6911 – user-provided epilog does not always run

Ticket 6911 - user-provided epilog does not always run

Summary: user-provided epilog does not always run

Status:	RESOLVED INVALID

Alias:	None

Product:	Slurm
Classification:	Unclassified
Component:	Other (show other tickets)
Version:	18.08.7
Hardware:	Linux Linux

Importance:	--- 6 - No support contract
Assignee:	Jacob Jenson
QA Contact:

URL:

Depends on:
Blocks:

Reported:	2019-04-25 15:11 MDT by Alex Chekholko
Modified:	2019-04-25 15:29 MDT (History)
CC List:	0 users

See Also:
Site:	-Other-
Alineos Sites:	---
Atos/Eviden Sites:	---
Confidential Site:	---
Coreweave sites:	---
Cray Sites:	---
DS9 clusters:	---
HPCnow Sites:	---
HPE Sites:	---
IBM Sites:	---
NOAA SIte:	---
OCF Sites:	---
Recursion Pharma Sites:	---
SFW Sites:	---
SNIC sites:	---
Linux Distro:	---
Machine Name:
CLE Version:
Version Fixed:
Target Release:	---
DevPrio:	---
Emory-Cloud Sites:	---

Attachments
Add an attachment (proposed patch, testcase, etc.)

Note You need to log in before you can comment on or make changes to this ticket.

Description Alex Chekholko 2019-04-25 15:11:49 MDT

First, I would like to confirm whether we correctly understand the intended behavior.  My expectation is that the epilog script gets run no matter what happens to the job (fails, canceled, timeout, etc).

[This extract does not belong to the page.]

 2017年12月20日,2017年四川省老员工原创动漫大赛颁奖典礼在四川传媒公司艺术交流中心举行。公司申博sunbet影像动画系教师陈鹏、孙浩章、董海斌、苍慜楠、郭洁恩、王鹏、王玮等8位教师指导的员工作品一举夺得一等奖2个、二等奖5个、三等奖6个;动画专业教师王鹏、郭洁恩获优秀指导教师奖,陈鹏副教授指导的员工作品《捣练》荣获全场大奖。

Is that the case, or are there corner cases?

Here is my specific issue; I thought about writing to the mailing list but it seems like we expect the obvious behavior but something else happens, so maybe it's a bug and not just a misunderstanding on our side.

My OS is Ubuntu 18.04.2 LTS and my SLURM is 18.08.7 built by me with no modifications.

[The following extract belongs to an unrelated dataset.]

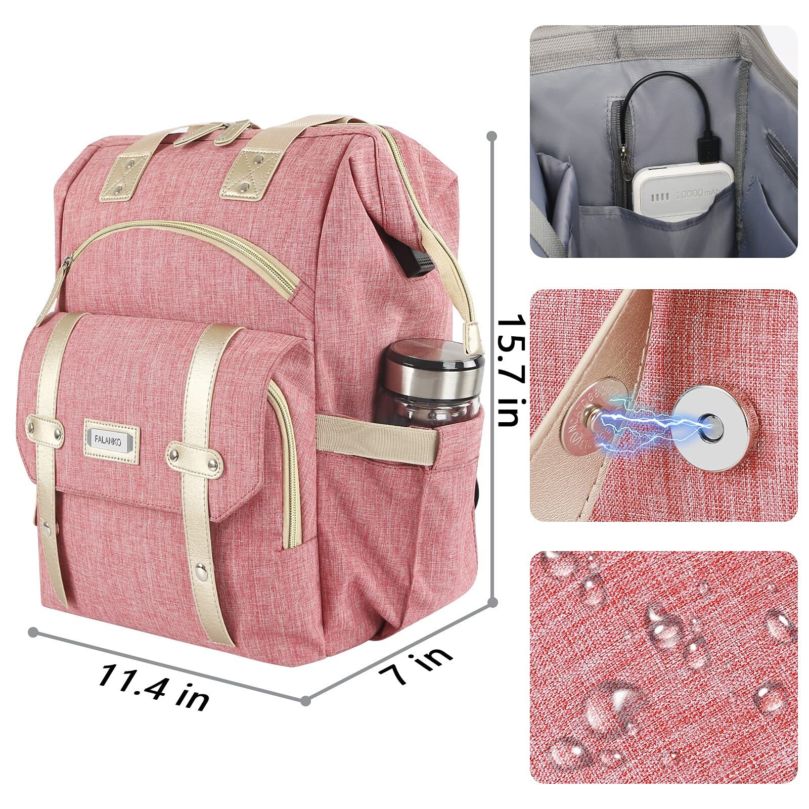 Backpack for Women,Wide Open Work Large USB Charging Port Student Bookbag for 15.6 Inch Laptop,Doctor Teacher Nurse College School Travel Bag Description and features Large backpack for women : 11.4"x 7"x 15.7" (length x width x height), capacity: 20L. Sturdy Water Resistant and environmentally friendly fabric, sturdy metal zipper. Work travel design, can accommodate everything you need,Pink color women laptop backpack, college school student backpack for girls, convertible tote backpack , backpack purse for women, work laptop backpack etc. The great backpacks for birthdays and holidays Multi-function Women Backpack:2 front pocket, 4 inner small pocket,2 outside pockets, 1 Main Pockets,1 Laptop Compartment with padded for 15.6inch Laptop, 1 iPad pocket,1 Interior Zipper Pocket, Spacious Backpack with Anti-theft zipper in back and steel frame of the main compartment keep the nice shape of the bag and sturdy of usage. Padded back panel and shoulder strap provide comfortable carry,Padded back panel and adjustable shoulder straps, provide comfort carrying WIDE OPEN DESIGN: Tote backpack for women can easy access doctor bag-style opening, This travel laptop backpack has a rectangular frame to keep the mount large, providing visible and easy access to the items at the bottom. No more digging. It can be wide-open 7.8" width. Reinforced edges and steel frame of the main compartment keep the shape of the bag CONVENIENT USB PORT DESIGN:The College Backpack for women with built in USB charger cable design and power bank pocket inside,great convenience for charging your electronic devices via connecting your own power bank. It offers an easy access to charge your phone when you are carrying a backpack on the road (POWER BANK is not included) RFID Blocking Secure Your Information: The front pocket of 15.6 inch Laptop backpack for women with advanced RFID security technology, unique metal composites, designed specifically to block RFID signals up to 13.56 MHz or higher, and protect your valuable information such as passport, credit cards, debit & ATM cards, driver's licenses, transit cards from unauthorized Scan Large Opening Design At your fingertips, not in a hurry. Do not mess with the pick and place. Easy to store and take. Large Capacity & Roomy Compartments INSIDE Pockets: 1 x Laptop Compartment with padded. Fit up to 15.6 inch. 1 x iPad Compartment with padded. - Wide opening from top and back 1 x Roomy Main Pockets. Keep daily stuff like binders,books,clothes etc. 1 x Pocket with zipper. Keep wallet/passport etc. 2 x Open Pocket . Keep phones,sunglasses and other small items. 2 x Side Pocket. Keep for small water bottle, cups, umbrella etc. OUTISIDE Pockets: 2 x Front Exterior Pocket 1 x Back Anti-theft zipper pocket. Return Policy ⦿ All our products come with a 30-Day Return Policy. If you would like to return your item and you are within 30 days of the purchase, and it is still in its original condition, you can return the item by contacting us through eBay messaging. ⦿ If you are not 100% satisfied, please let us know the Detailed Problem,We will give you a 100% satisfactory solution ⦿ If you received an incorrect, damaged, defective, or item not as described, contact us for a partial/full refund or replacement on our cost. ⦿ Free Shipping and Free Return 30-Days Money Back Guarantee. ☎ For all returned products, buyers MUST contact us for the returning address. Shipping ⦿ We do not ship to a different address. we will ship to the address you provide on the ebay only. Please check your address before purchase. ⦿ It should take 2-4 business days for the product to reach your destination. ⦿ If the product doesn't reach your destination within the time limit, please give it an additional 1-2 business days in case of postal delays and/or possible technical issues. ⦿ We use a selection of shipping services such as UPS, FedEx, USPS etc. ⦿ We ship only to the 48 contiguous states of America. We do not ship to Hawaii, Alaska, US Protectorates, APO/FPO addresses. Local pickups are not offered. ☎ If it takes any longer than that, please do not hesitate to contact us to resolve the issues. Contact us ☎ Please contact us via eBay message. And your message will be replied within 1 business days. For any queries, please feel free to contact us, we will get back to you as quickly as possible. Customer 100% satisfaction is our first priority and goal. We are always working hard for maintain high standards of excellence and resolve your problem in best way. So your POSITIVE FEEDBACK is very important. If you have any problem of the item, please feel free to let us know before leaving your feedback. We will try our best to solve your problem. About us We are here to give you quality products, competitive pricing and amazing service in order to make sure you get the best deal online, Thank you for your business and the opportunity to serve you.

The end goal is to get the user to clean up his own temp files in his own epilog script to make the job more portable between clusters.  So in his case, the epilog has some "rm -rf" in it which can be slow.

Here is my simple user epilog script:


$ cat example-user-epilog.sh 
#!/bin/bash

# table is https://slurm.schedmd.com/prolog_epilog.html
echo "inside my own epilog"
printenv | grep SLURM


Here is my simple user job script:


$ cat example-user-sbatch.sh 
#!/bin/bash

echo "starting my job"

#first and only task inside my job
srun --epilog=/home/alex/example-user-epilog.sh sleep 600


What would be the cases where this epilog script would not run?

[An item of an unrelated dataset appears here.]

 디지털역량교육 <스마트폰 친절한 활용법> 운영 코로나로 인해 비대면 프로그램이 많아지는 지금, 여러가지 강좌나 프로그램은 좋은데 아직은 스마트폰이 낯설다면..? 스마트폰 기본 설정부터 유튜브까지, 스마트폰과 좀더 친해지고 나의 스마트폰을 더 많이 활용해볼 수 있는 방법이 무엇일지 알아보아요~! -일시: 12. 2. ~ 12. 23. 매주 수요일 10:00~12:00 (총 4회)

I tried just running the job so it completes normally; I tried running it with a short timelimit so it gets canceled by timeout, I tried scancel to cancel the job, and I also tried just killing my sleep command on the node so the job fails.  So that's four distinct cases.  It seemed to work OK:

You can see the SLURM env vars in your output file, from the epilog script.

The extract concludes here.